Temporal deployment is done on KiND based Kubernetes cluster KiND version: v0.17.0 K8s version: 1.25.3 Istio version: 1.16.0

mmlk09 commented 1 year ago

Solution described here fixed the issue: https://community.temporal.io/t/temporal-workload-unable-to-talk-to-each-other-when-strct-mtls-enabled-in-istio/6650/5

Can we please include this fix in temporal helm charts?

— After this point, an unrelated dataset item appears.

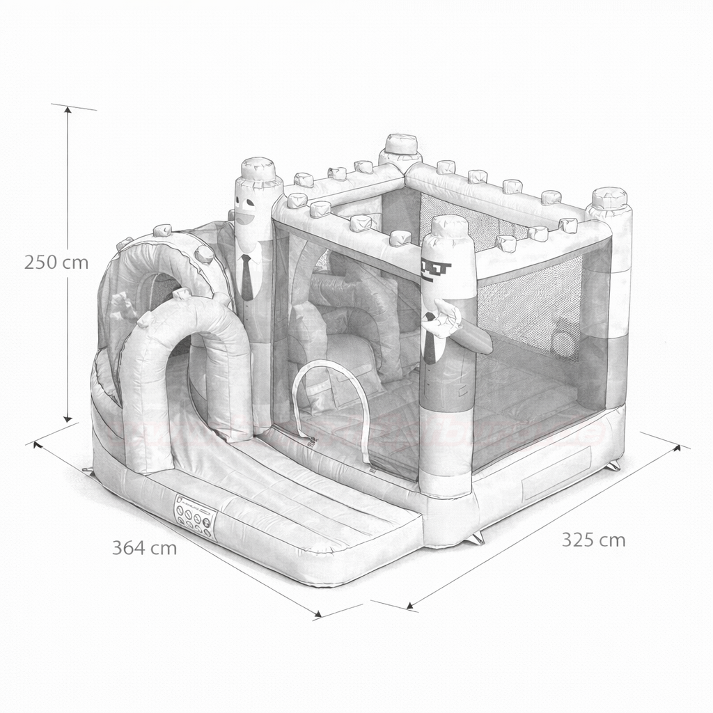 Schon auf den ersten Blick fällt das liebevoll gestaltete Design auf: Zwei große Figuren im typischen Baustein-Look begrüßen die Kinder am Eingang, während kräftige Farben wie Rot, Gelb, Blau, Orange und Lila für eine fröhliche, einladende Atmosphäre sorgen. Die Kombination aus Hüpfbereich und integrierter Spielfunktion macht diese Hüpfburg zu einem vielseitigen Erlebnis.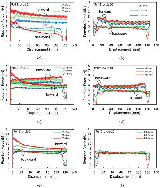 Effect of bending depth (DS) on force vs. displacement curves for: (a) roll 1 at the first cycle; (b) roll 1 at the last cycle; (c) roll 2 at the first cycle; (d) roll 2 at the last cycle; (e) roll 3 at the first cycle; (f) roll 3 at the last cycle.

deepakjeena commented 1 year ago

I am facing similar issue:

kubectl get pods -n temporal

NAME READY STATUS RESTARTS AGE temporal-admintools-67ddc7b669-k2dfs 2/2 Running 0 72m temporal-frontend-697b57c864-9xlsx 1/2 CrashLoopBackOff 19 (22s ago) 72m temporal-history-54f48dc5ff-nzqp8 1/2 CrashLoopBackOff 18 (5m8s ago) 72m temporal-matching-55686b777c-m2ppd 1/2 CrashLoopBackOff 19 (40s ago) 72m temporal-web-645b8fb6b4-bxl7m 2/2 Running 0 72m temporal-worker-7bbb976c86-cf7jf 1/2 CrashLoopBackOff 19 (38s ago) 72m

kubectl logs temporal-frontend-697b57c864-9xlsx -n temporal 2023/01/29 16:01:44 Loading config; env=docker,zone=,configDir=config 2023/01/29 16:01:44 Loading config files=[config/docker.yaml] Unable to load configuration: config file corrupted: yaml: unmarshal errors: line 19: cannot unmarshal !!str transac... into map[string]string line 32: cannot unmarshal !!str transac... into map[string]string.

robholland commented 3 weeks ago

@deepakjeena Your issue is not at all related to the one originally reported here.